The contents of a Paris mansion at auction in the house sale par excellence | Paris


It has been described as the ‘sale of the century’, an auction of more than 1,300 pieces of 17th-20th century furniture, art, jewelry and home decor from one of the world’s largest mansions. from Paris.

The lavish interior of Hotel Lambert, by interior designer Alberto Pinto, who followed in many rooms the lavish style originally envisioned and designed by Renzo Mongiardino. Photography: Sotheby’s

The provenance of the objects reads like a parchment through the history of European aristocracy: a sofa belonging to the Duke and Duchess of Windsor; a silver soup tureen offered by Catherine the Great to her lover Count Orlov; candelabra would have belonged to Marie-Antoinette and Madame de Pompadour, mistress of King Louis XV.

A pair of three-light candelabra with storks in blanc de Chine porcelain mounted on gilt bronze, Louis XV, circa 1750 (est. €200,000-400,000) - probably belonging to Madame de Pompadour
A pair of Chinese white porcelain chandeliers mounted in gilt bronze with storks candelabra, Louis XV, around 1750 (estimated €200,000-400,000) – probably belonged to Madame de Pompadour. Photography: Sotheby’s

Until recently, the vast collection decorated the Hôtel Lambert, a private mansion on the Île Saint-Louis, in the center of Paris, a stone’s throw from Notre-Dame Cathedral.

The property was built in the early 1640s by royal architect Louis Le Vau, who designed the Palace of Versailles, and was listed as a historic monument in 1862.

Among its owners are Polish Prince Adam Jerzy Czartoryski – who invited composer Frédéric Chopin, artist Eugène Delacroix and Guy and Marie-Hélène Rothschild to stay.

The mansion’s gilded rooms hosted literary salons attended by Jean-Jacques Rousseau and Voltaire and in its society heyday was the setting for glittering parties attended by the Duke and Duchess of Windsor, Yves Saint Laurent, Cecil Beaton, Salvador Dali, Brigitte Bardot and an array of European royals.
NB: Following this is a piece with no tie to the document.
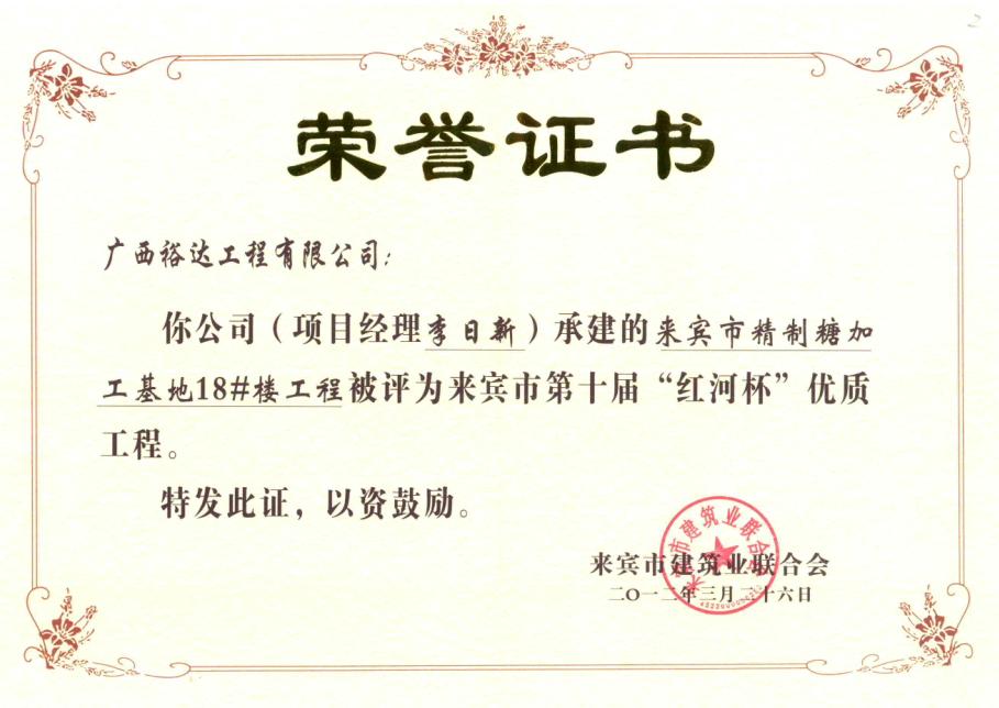 2012年来宾市第十届“红河杯”优质工程

Douce François and Brigitte Bardot, at the Oriental Ball, 1969
Douce François and Brigitte Bardot at the Bal Oriental in 1969. Photography: Sotheby’s

In 2007, the Hôtel Lambert, whose Hercules gallery was painted by the decorator of Versailles Charles Le Brun, was acquired by the Qatari royal Sheikh Hamad Bin Abdullah Al Thani who carried out a major renovation of 120 million euros euros (£100m) and filled it with his extensive personal collection. works of art and decoration. It is this collection that is now offered for sale by Sotheby’s in October.
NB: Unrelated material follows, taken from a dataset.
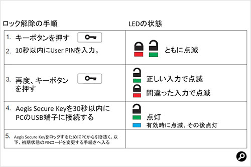 最初にAegis Secure Keyの初期状態のロックを解除する(詳細は図2)。下部にある鍵型のキーボタンを押し、所定の操作を繰り返しながら一旦ロックを外してPCに接続。接続確認ができたら再び外し、改めて任意の7~15ケタのPINコードを設定する。
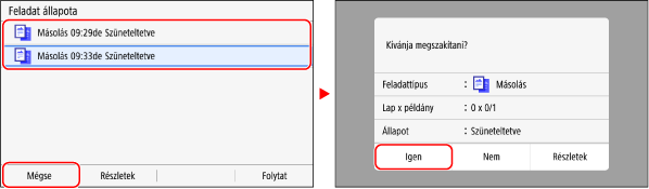 Amikor megjelenik a feladatlistát tartalmazó képernyő, nyomja meg a [Mégse]

Mario Tavella, a historical collections expert who oversees the auction, said he was blown away when he first entered the Hotel Lambert.

A pair of Louis XVI candelabra in gilt bronze and blue patina, circa 1784-1786, attributed to Lucien-François Feuchère (est. €300,000-500,000) - reputed royal commission for Marie Antoinette
A pair of Louis XVI candelabras in gilt bronze and blue patina, circa 1784-1786, attributed to Lucien-François Feuchère (estimated €300,000-500,000) – by reputation as a royal commission for Marie-Antoinette. Photography: Florian Perlot for Art Digital/Sotheby’s

“It is the most beautiful private property in Paris and probably in France and one of the most beautiful residences in the world. It was completely overwhelming to see the overall quality of each piece inside. It was a fascinating and magical experience,” Tavella said.
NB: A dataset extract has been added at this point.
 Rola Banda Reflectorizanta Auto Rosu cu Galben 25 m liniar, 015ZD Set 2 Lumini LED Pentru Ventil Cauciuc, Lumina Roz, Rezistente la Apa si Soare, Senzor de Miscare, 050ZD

“The ensemble forms the largest collection of high-quality classical works of art, furniture, old master paintings and antique jewelery ever offered for sale in France.”

Other items have been attributed to members of the French royal family, including Marie-Antoinette, or come from the collections of fashion icons such as Coco Chanel, Yves Saint Laurent, Karl Lagerfeld and Hubert de Givenchy.

Madame Leonora Cornett, Cecil Beaton and Yves Saint Laurent at the Hôtel Lambert.
Madame Leonora Cornett, Cecil Beaton and Yves Saint Laurent at the Hôtel Lambert. Photography: André Ostier/Sotheby’s

The collection was removed from the Hôtel Lambert following the sale of the mansion to French entrepreneur Xavier Niel, a telecoms billionaire, for an estimated 200 million euros – a record for a Parisian property transaction. Niel should establish a cultural foundation at the mansion.

The Hôtel Lambert: a Princely Collection sale will take place over several days in October.

Tavella said the auction is expected to fetch more than previous sales of historic collections, including those from the Royal House of Hanover in 2005 which raised $50m (£42m) and the collections of Lily and Edmond Safra in 2005 and 2011 which raised $100 million. .

“It really is an extraordinary collection, the sale of which takes place once every 100 years,” Tavella added.